Он сделал что-то ужасное? Конечно, ведь я все это время тащу ее за собой, ахнул он и содрогнулся. Я тащу ее за волосы, в ужасе подумал он. Но когда он в панике остановился и посмотрел вниз, то увидел, что сжимает в руках пиджак. Это всего лишь твой собственный пиджак, ты, жалкий идиот, крикнул он себе смеясь и с облегчением стал покрывать пиджак поцелуями. Почувствовав прохладу, он обнаружил, что стоит на берегу моря. Он был один, никто не преследовал его, он отдал свою лихорадку свежему ветерку, и рыдания принесли ему облегчение. Но вот он поднял голову, увидел горы, и снова сердце его замерло, глаза вылезли из орбит, а из груди вырвался беззвучный вопль. Нет, никуда он не убежал и не спасся — она снова была перед ним, четко очерченная на фоне неба, с хитрой усмешкой в глазах и кровавой улыбкой на губах; ее груди и плечи были обнажены. Он повернулся, чтобы бежать, но ноги его стали ватными, он нелепо взмахнул руками — земля под ногами качнулась и ударила его по лицу, лунный свет исчез, сверкнули звезды, песок набился в рот, а в ушах стоял рев прибоя. В следующее мгновение исчезли и звезды, и песок, и вода — осталась только тишина, абсолютный вакуум, пустота…

Два дня спустя он уже плыл на пароходе в Гонконг.

— Я уехал, не повидав их, — объяснял Пако Тексейра Пепе Монсону, сидевшему рядом с ним на траве в Кинг-парке — огромной чаше, наполненной теплым, как суп, вечерним воздухом. По краям чаши, там, где еще не угас свет дня, Пепе Монсон видел закутанные в туман здания фешенебельных клубов — они одиноко дожидались воскресных паломников.

— Чертовски нелегко было расставаться с оркестром, — сказал Пако. — Управляющий ничего не хотел слышать и ссылался на контракт, а парни, естественно, думали, что я подкладываю им свинью. Не могу винить их за это. Но мне необходимо было сбежать, иначе бы я рехнулся. Я просто-напросто удрал, так что они еще могут возбудить дело, если захотят. Я не взял даже причитавшиеся мне деньги и приехал еще беднее, чем прежде. И еще гнуснее. Я чувствую себя так, словно совершил колоссальную подлость, — чувство не из приятных, — из-за этого-то у меня, по выражению Мэри, и появился взгляд как у Бориса Карлова.
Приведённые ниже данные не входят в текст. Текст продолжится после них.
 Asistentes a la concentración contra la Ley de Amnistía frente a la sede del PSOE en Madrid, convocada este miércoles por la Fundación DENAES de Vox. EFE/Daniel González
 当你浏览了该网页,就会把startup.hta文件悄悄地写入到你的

— Значит, конец оркестру «Тьюн текнишнз», — сказал Пепе.

— …и его руководителю Тексу, — подхватил Пако, нахмурившись. — Никто не станет доверять мне после этого. Придется, наверное, поменять профессию.

— Хотел бы я знать, что заставляет ее придумывать подобные нелепости?

— Ты о Конни?

— Да. Этот вздор насчет пупков.

— Ну, она хочет сначала ошеломить, а потом погубить. Ей нужно не тело — она губит душу.

— Это уж чересчур.

— Они — слуги дьявола, и она, и ее мать. Они спелись: мать ловит простака и играет с ним, как кошка с мышкой, а когда наиграется, отдает дочери.
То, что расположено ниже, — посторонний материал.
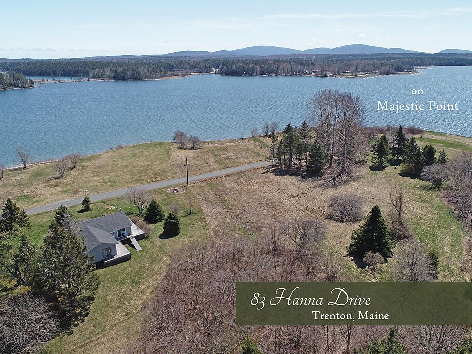 Sweeping views, a long gravel beach & a location near the end of Haynes Point in Trenton define this unique shorefront property. The modest three season camp on site was built in 1980 and has been adored by the same family ever since. Inside the camp, the main living area consists of an open concept kitchen, dining area & living room. A wood stove sits between four sets of glass sliding doors, allowing the panoramic views to be thoroughly savored. Three bedrooms and two full bathrooms are on offer, including two guest bedrooms that share a full guest bathroom and a master suite. Set out on its own 'wing' of the camp, the master suite displays three glass sliding doors, a full bathroom, a laundry/storage room and a 'bonus' room that would be well suited for an office. Almost encircling the entire camp, a wrap-around deck begins at the formal front entry, goes around the living room & dining area and ends at the master suite. This expansive deck provides multiple orientations to catch the sun and views as they shift throughout the day. The camp conveys furnished. While the camp is humble and in need of updating, the site is anything but. Broad vistas to the islands & peaks of Acadia National Park rest upon 3.62 acres of lawn & field leading gently to 413' of gravel, sand & stone beach along the tidal shores of Mount Desert Narrows. Unobstructed & splendid, the setting here is of rare quality. Just a single home lies beyond 83 Hanna Drive, adding further to the sense of solitude provided by the open space. Recent soils work evidences the site's suitability to build new, should the next owner wish to. The private 'Majestic Point' neighborhood is set on its own peninsula with a small gravel road network, meticulously maintained, somewhat reminiscent of Acadia's carriage roads. Located quite literally at the doorstep of Mount Desert Island & beloved Acadia National Park, adventure & beauty are but a short drive, paddle or walk in any direction you'll head.
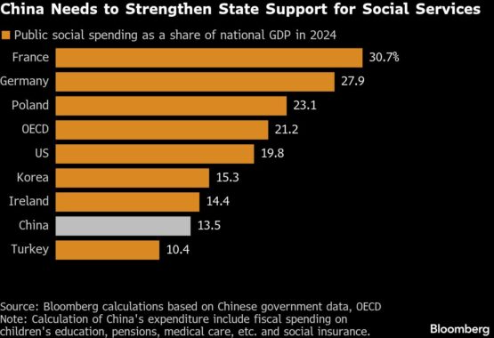 China’s social security safety net is meagre, especially for those living in the countryside, which encourages so-called precautionary savings. The government’s social spending — including pensions, medical care, unemployment and low-income housing — was equivalent to 13.5% of GDP in 2024, Bloomberg calculations based on official data show, versus an average in OECD countries of 21.2%.
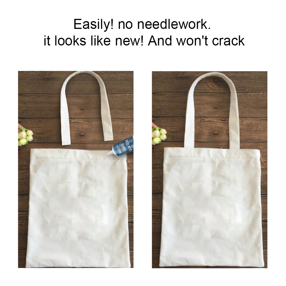 No more stitching! No needle work needed! Simply apply a thin layer of Glue to one side of the fabric and attach to the other piece of fabric. Press valid for 30 seconds and done.
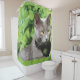 Animal lovers shower curtain with lime green and a grey kitty cat. Stylish and modern home bath decor.
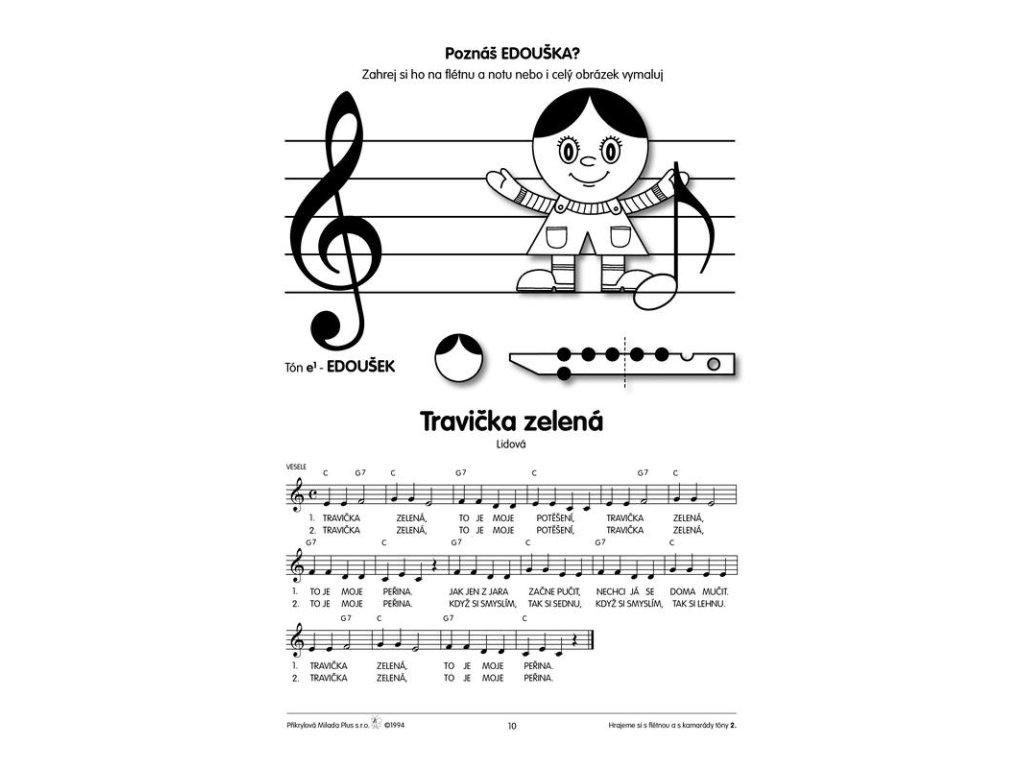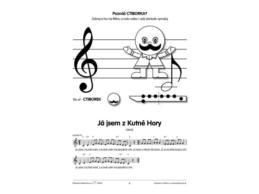 Druhý diel spevníka Hráme sa s flautou as kamarátmi tónmi vznikol na žiadosť pedagógov o rozšírení výberu pesničiek pre hru detí na flautu. Pesničky v tomto spěvníku nie sú radené podľa obtiažnosti ani podľa tematického námetu či iných pravidiel. Deti si môžu pesničky k hre voľne vyberať podľa ich priania, experimentovať s hudobnými záznamami a pokračovať pri hre na flaute svojim vlastným tempom. To plne umožňuje rešpektovať osobnosť dieťaťa, rozvíjať jeho schopnosti, chuť učiť sa ďalej a viac, podnecovať detskú zvedavosť a napĺňať tak rámcové ciele Rámcového vzdelávacieho programu pre predškolské vzdelávanie. Obsah pesničky tu nie je vyjadrený obrázkom, deti môžu pesničku spoznať, len keď si ju prehrajú na flautu a tým si rozvíjať sluchové vnímanie a sluchovú pamäť. Môžu si tiež pesničku dozdobiť svojim drobným obrázkom alebo len vymaľovánkou. Pre zvedavé deti a na posilnenie ich záujmu o skutočné noty je určený obrázok na vymaľovanie s kamarátom tónom a notou. Na strane 33. môžu deti, ktoré to bude zaujímať, porovnať súvislosti medzi vyobrazenými tónmi a notami ako podľa hlásky na začiatku mien kamarátov, tak podľa umiestnenia nôt v notovej osnove. Novým tónom je v tomto diele Cistýn (cis), ktorý sa deti môžu naučiť v pesničke „Okolo Třeboně“. Predpokladá sa, že deti majú v triede vytvorený hudobný kútik, v ktorom majú možnosť položiť si svoj spěvník na pultík a hrať na flautu, kedykoľvek sa im zapáči. Môžu tiež kresliť do svojho speváka a rôzne si pesničky zdobiť obrázky. Neodporúča sa hrať s deťmi len v pevne určenej hodine a dni.

— Я бы не сказал, что они действуют заодно — скорее, друг против друга.

— Они работают друг для друга. Каждый раз, бывая с одной из них, я явственно ощущал, что другая следит за нами с завистью. Когда ты корчишься в мучениях, обе получают удовольствие. А когда ты уже на пределе, дочь огорошивает тебя своим ужасным саморазоблачением, и ты теряешь голову, бежишь прочь как одержимый. И готово — еще одна душа отправилась в ад.

— Нет, Пако, нет.

— Что ты знаешь о них? Ты видел их всего раз, да и то мельком.
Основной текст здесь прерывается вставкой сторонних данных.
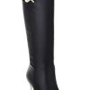 Three’s Ladies Knee High Boots Zip Up Platform High Heel Diamante Party High Leg Boots (4, black)
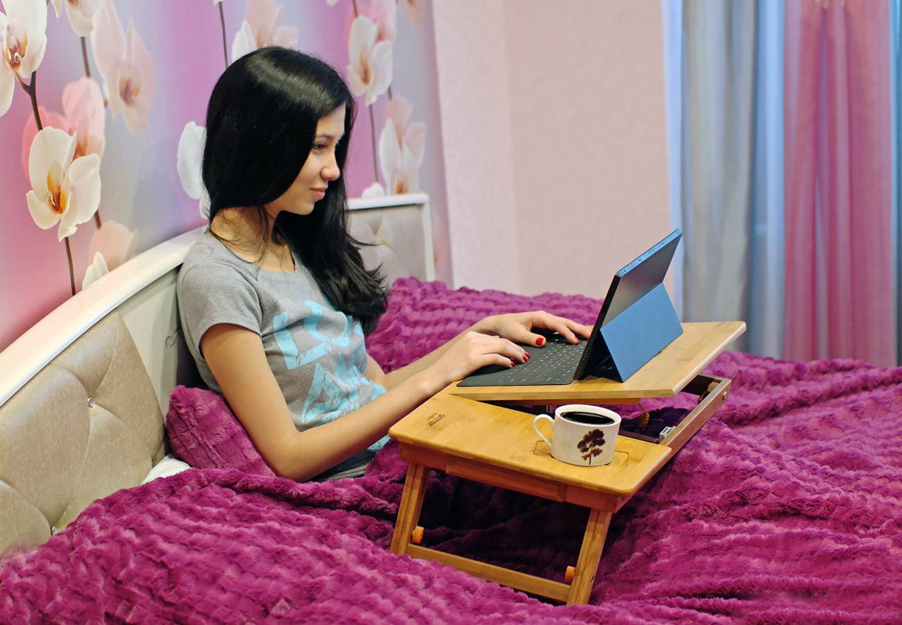 Поднос может быть использован в качестве переносного столика для ноутбука, на него можно положить тетрадку и что-то записать по работе. Все это позволяет человеку ощущать еще большее удобство и решать ряд рабочих задач, находясь в кровати.
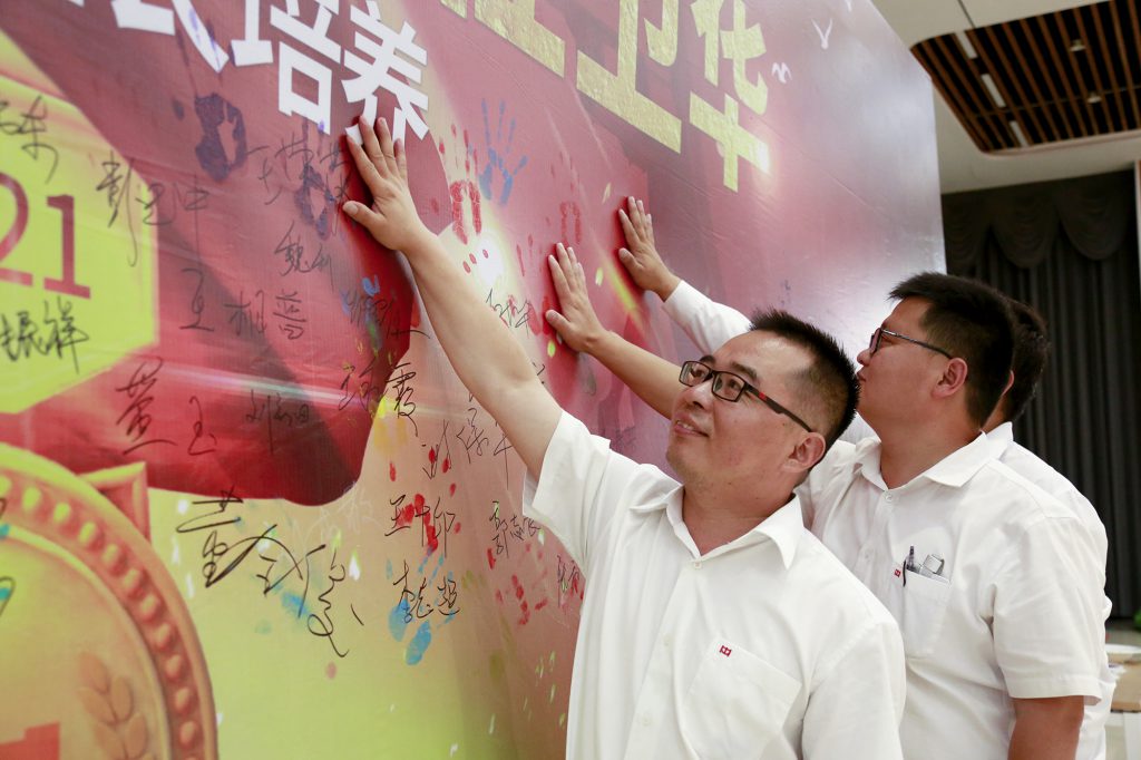 The team leaders and students left their palm prints on the signature wall where they promised to "learn advanced management knowledge and build a Weihua gold medal team". The colorful palm prints in the sky record the marks of their growth along the way.

— И тем не менее, по-моему, ты ошибаешься. Особенно насчет дочери. Мне кажется, она просто перепуганная девочка, которая отчаянно пытается спасти себя…

— …а потому сообщает всем, что у нее два пупка, — вставил Пако.

— Я начинаю думать, что этим она по-своему хочет доказать, что и у нее есть ангел-хранитель…

— Жалкий моралист! И ты попался на этот крючок.

— А ты нет?

— Да. Да, конечно. И я тоже.

— И если говорить правду, ты все еще на крючке.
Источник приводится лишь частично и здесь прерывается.